Task to carry out –
Exact copies of the lines below, from the one with "Glas Magnettafel im" up to and including the one with "1、制作抹茶蛋糕胚。烤箱預(yù)熱,上", are what this calls for; leave out pictures.

Information supplied –
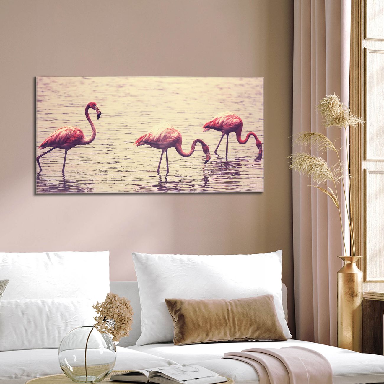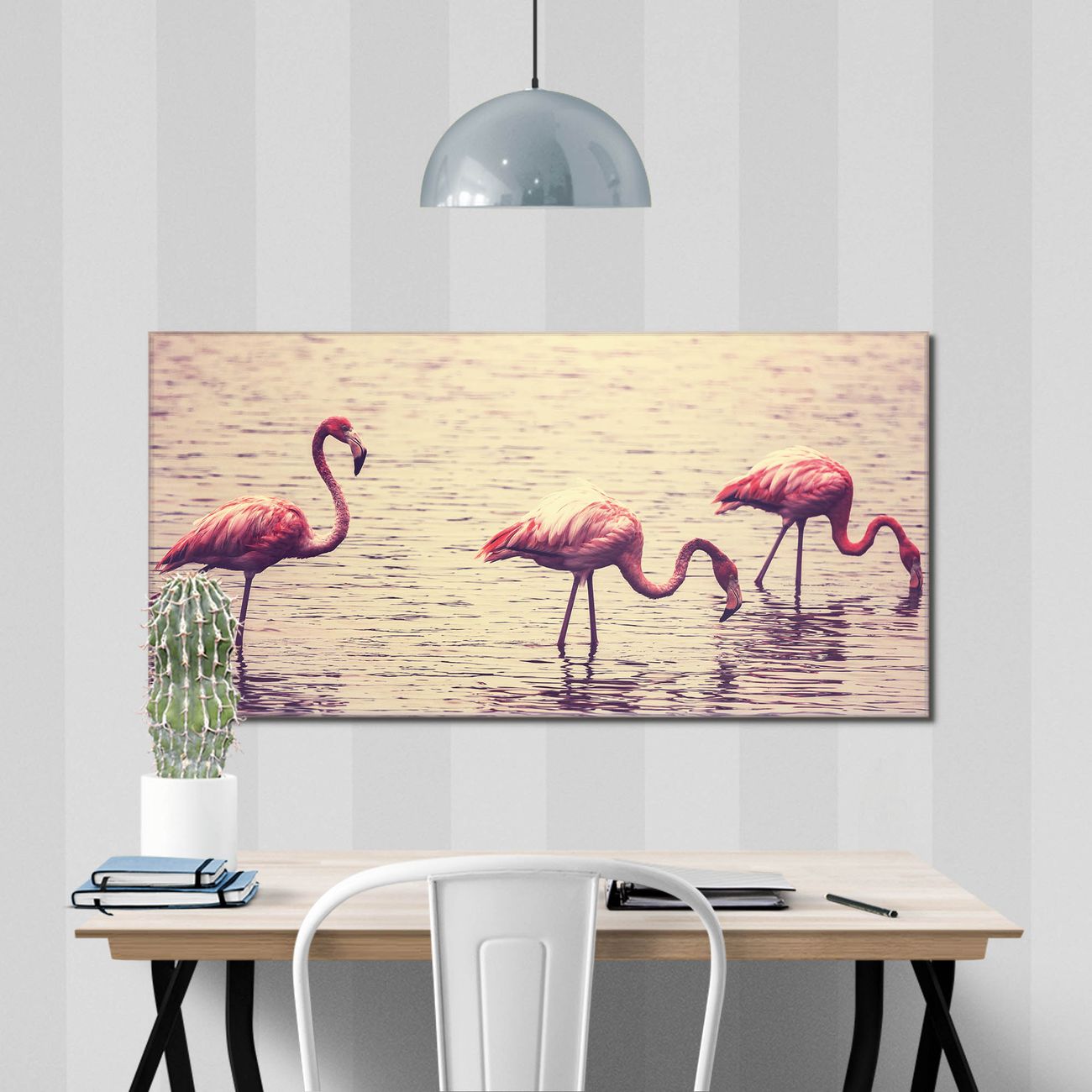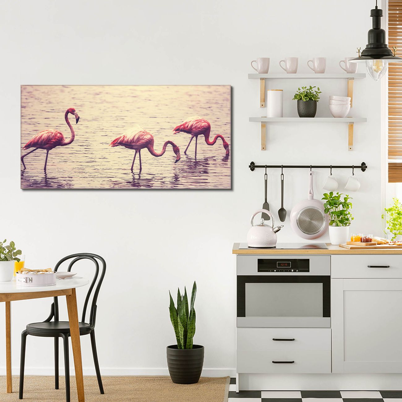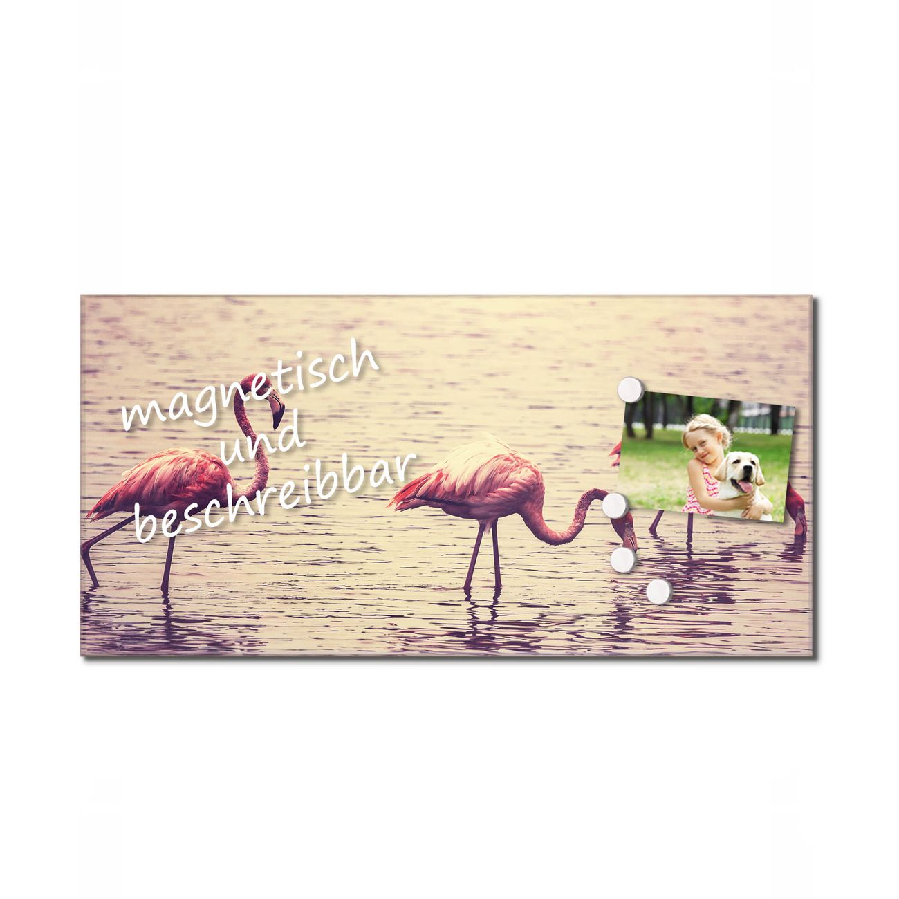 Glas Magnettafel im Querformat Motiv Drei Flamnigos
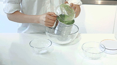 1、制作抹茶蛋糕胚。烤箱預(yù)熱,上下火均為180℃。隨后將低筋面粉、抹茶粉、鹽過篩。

...

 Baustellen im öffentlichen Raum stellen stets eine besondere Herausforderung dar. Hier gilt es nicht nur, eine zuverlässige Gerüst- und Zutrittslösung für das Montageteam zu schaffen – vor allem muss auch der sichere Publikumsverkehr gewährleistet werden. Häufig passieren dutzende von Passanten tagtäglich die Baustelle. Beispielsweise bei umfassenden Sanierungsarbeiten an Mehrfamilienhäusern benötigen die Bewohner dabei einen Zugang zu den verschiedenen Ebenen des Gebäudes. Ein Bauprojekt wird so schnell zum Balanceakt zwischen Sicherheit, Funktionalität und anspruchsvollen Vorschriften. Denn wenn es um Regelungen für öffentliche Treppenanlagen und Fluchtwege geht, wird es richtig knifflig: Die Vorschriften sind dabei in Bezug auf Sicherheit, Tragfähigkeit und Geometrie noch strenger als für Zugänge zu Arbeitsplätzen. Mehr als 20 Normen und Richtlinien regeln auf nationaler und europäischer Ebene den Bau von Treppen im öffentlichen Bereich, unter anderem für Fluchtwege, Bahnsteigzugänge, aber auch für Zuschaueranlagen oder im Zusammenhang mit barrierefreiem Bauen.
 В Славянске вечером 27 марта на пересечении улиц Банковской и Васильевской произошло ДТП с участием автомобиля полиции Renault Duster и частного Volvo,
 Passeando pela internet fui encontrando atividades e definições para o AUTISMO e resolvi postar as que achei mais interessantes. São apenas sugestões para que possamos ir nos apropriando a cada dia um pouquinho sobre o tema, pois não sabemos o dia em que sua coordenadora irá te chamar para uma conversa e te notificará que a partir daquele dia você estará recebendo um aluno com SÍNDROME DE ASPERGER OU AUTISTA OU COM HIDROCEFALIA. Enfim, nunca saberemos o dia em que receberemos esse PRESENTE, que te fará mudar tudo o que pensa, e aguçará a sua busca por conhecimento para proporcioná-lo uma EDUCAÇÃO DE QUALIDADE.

Completed exercise –
 Glas Magnettafel im Querformat Motiv Drei Flamnigos
 1、制作抹茶蛋糕胚。烤箱預(yù)熱,上下火均為180℃。隨后將低筋面粉、抹茶粉、鹽過篩。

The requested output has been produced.